3. ‘Blinded data’ (defined as ‘Pseudonymized’ data in the GDPR) still falls under GDPR obligations. Anonymized data
does not.
4. There are numerous similarities between HIPAA and GDPR privacy obligations; if a HIPAA compliance program
exists, then a GDPR effort could leverage those efforts and resources.
5. A data breach notification timeframe under the GDPR, especially of sensitive data, provides for only 72 hours.
6. The GDPR has enormous impacts on IT systems’ functionalities. However, those impacts may be mitigated
through business processes based on risk tolerance and incident volumes.
7. Many of the channels of information transfer to the US (e.g. SCCs) will most likely be challenged in the CJEU in the
future.

10. Some Interesting GDPR Facts, cont.
8. Simply viewing EU resident personal data from the US (e.g. via a web browser) invokes the GDPR if that data is
stored in the EU.
9. Like many US regulations (e.g. HIPAA, again), the GDPR is the ‘ground floor’ of data protection regulations.
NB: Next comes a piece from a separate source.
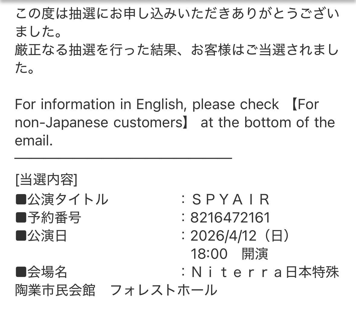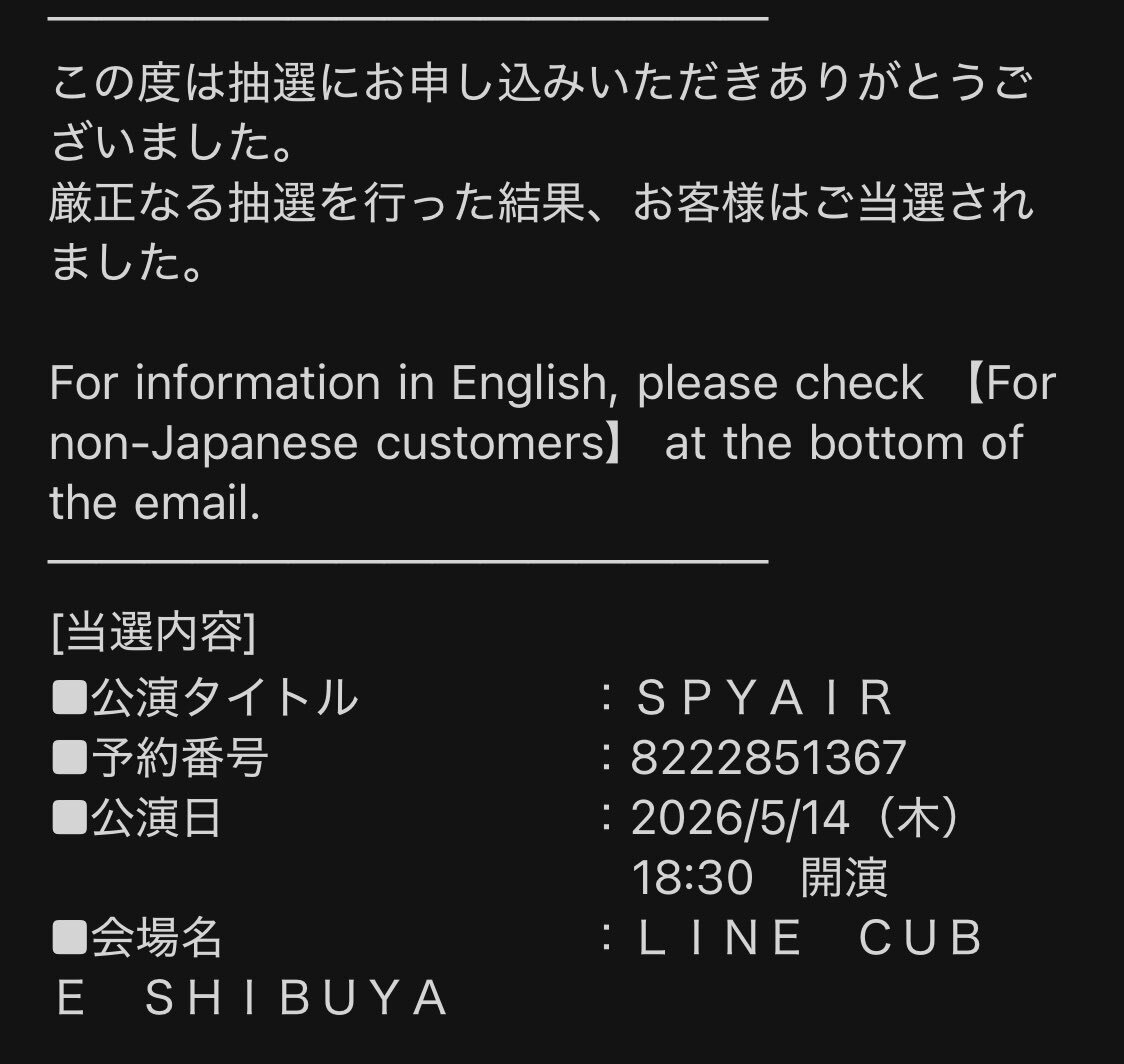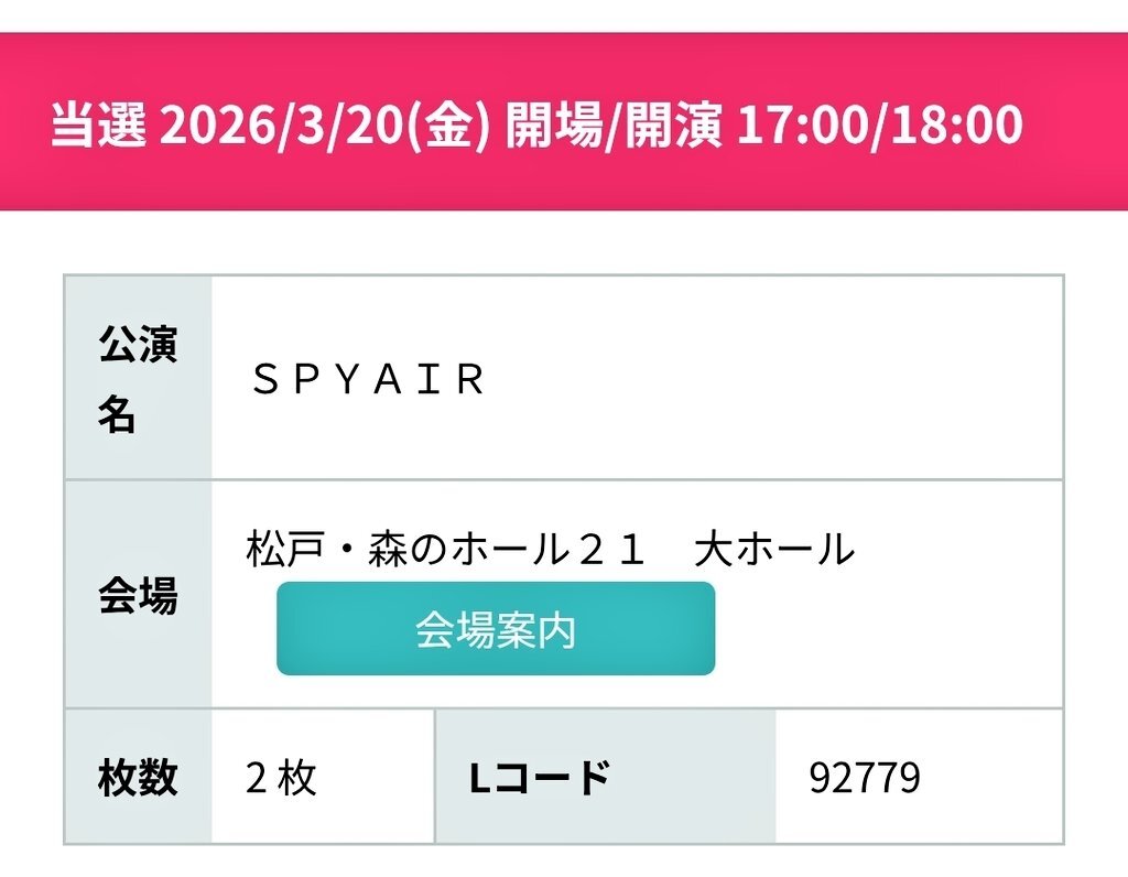 ホール編、全当選してたーーーっ ライブハウス編(神奈川、岡山、広島) ホール編(千葉、大阪、愛知) 計6公演(最多)、ちょー楽しみにしております!!! #SPYAIR #SPYAIRTOUR2026 pic.x.com/HCYwFiZln9
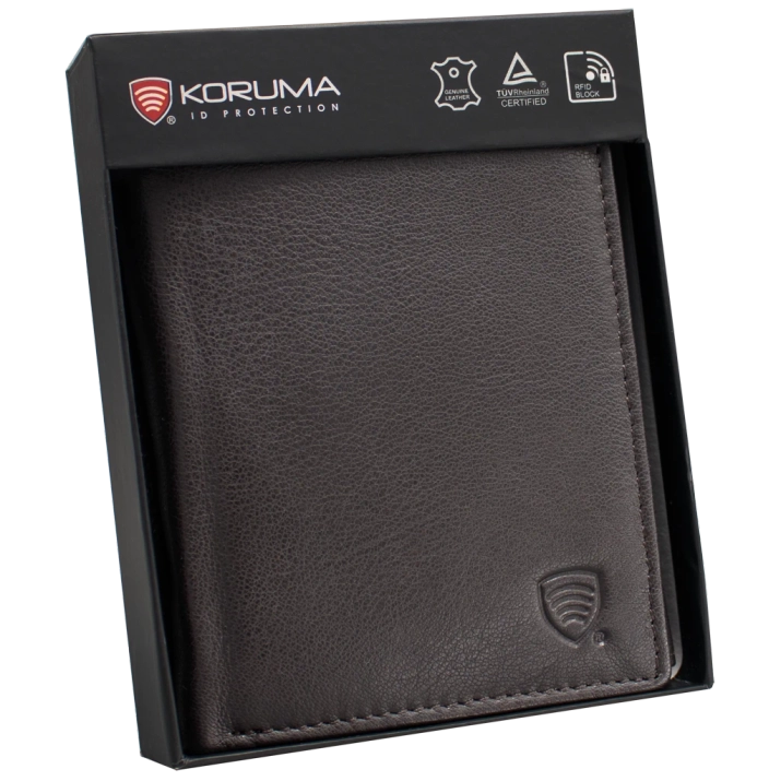 Portofel din piele maro cu o mulțime de compartimente. 8 sloturi pentru carduri, spațiu pentru cardul de înregistrare cu un capac transparent și un buzunar pentru monede. Portofelul dispune de protecție RFID BLOCK™ pentru carduri de proximitate.

Individual member states will add their own data protection obligations, as well.
10. Information processing is not grandfathered. Data processing acceptable today may not be after May 25th 2018.
11. With all of this said, there are many derogations and exceptions to the GDPR requirements and obligations.
12. When an American travels to the EU after May 25th, they are covered by the GDPR!